Typical online learning is also limited in what it measures. Most is self-paced (“click-through”) e-learning. It measures completion and includes knowledge checks, which still tell us little about what people actually learned. It rarely collects learner feedback.
When implemented well (especially with structured, facilitated online courses), online learning can give more meaningful measurements. Assignments can be set for individual learners, so we know how well each learner is completing the task. They can be more realistic, so we have a sense of whether the learner can do the actual job task. And they can get a structured review from experts (or peers with expert guidance). This moves us away from a general sense of “did the learners get it?” and to a specific assessment of the quality of the work they do.
What should you do?
To understand the impacts –
- Not be over the top. Be curious, explore the impact of online and hold it to a good standard – but don’t demand a level of proof much higher than face-to-face.

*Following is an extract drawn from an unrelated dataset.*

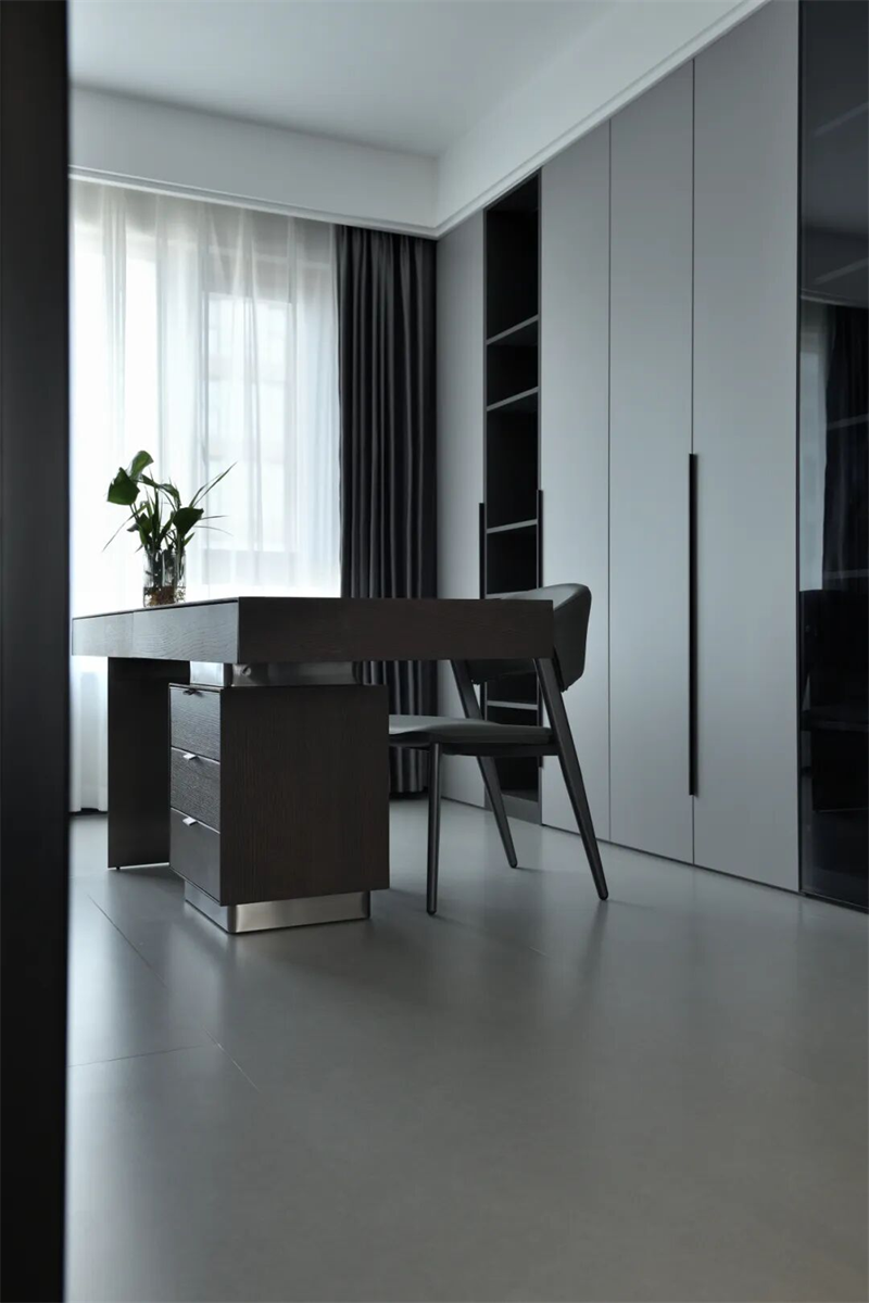 书房空间通透宁静,以灰白为主调。黑色金属框玻璃门隔断,既保证私密性,又不影响采光与视线通透。室内地面铺设灰色哑光地砖,墙面简洁无饰,突出空间的纯粹感。整体布局简洁有序,摒弃多余装饰,打造一个安静、高效、富有质感的独立思考与工作空间,让思绪在静谧中自由流淌。

- Focus on the skill/task level. See whether participants can complete realistic job tasks by reviewing assignments.
- If not doing so already, collect information on the top line goals, in case there are impacts. This assumes that doing so is not prohibitively expensive.
To learn and improve –
- Look at participant reaction surveys to understand things like time commitment, ease of use, and clarity of instructions.
- Use surveys to check on the learner’s perceptions of good practices.
- Organise some unstructured calls or conversations with learners to find out how it worked for them.
To communicate to sceptical stakeholders –
- Focus on skill achievement/task competence. A message such as “80% of participants included all the criteria for a high-quality project design” is powerful.
- Consider a survey for stakeholders to ask them about their perceptions of the environmental factors that would hamper transfer. This sends a message that if they are concerned by a lack of transfer, they should look at the environment as the skills are now in place.
Introduction
Moving from face-to-face training to online learning is hard. Trainers trade intimate, person-to-person contact for greater reach and sustainability. That takes away their sense of what is working for the learners. When you sit across from me, and we have a conversation over coffee, I have a sense of whether you get what I’m saying. The questions learners ask, or the comments that they make over lunch give us an impression of whether they’ve got the nuances of a topic, or are skating across its surface.
Although there are ways to get better interaction between SMEs/facilitators and the learners online, they are inevitably mediated through technology. That creates barriers, raises the level of formality, or removes some subtle queues. With nuanced, sensitive topics, experts rightly worry about what they are missing.
But online learning also creates new, compelling possibilities for facilitators to dive deeper into learning. This paper compares what can be done online and face-to-face. And it makes recommendations for online courses. If you’re concerned about what you’re losing when you move from in-person to online, this shows you ways that you can reduce that worry – and even get more out of online.
Why is it so hard to measure learning impact?
No one thinks it is easy to measure the impact of learning. We can construct tests to see whether people make the right decisions, recall correct definitions, or get the right result of a calculation. But for workplace learning, this is a narrow way to view success. Organisations want to know if this is helping them achieve their goals. Making sure that learners did learn something is part of an evidence chain in showing impact, but it is not the end goal.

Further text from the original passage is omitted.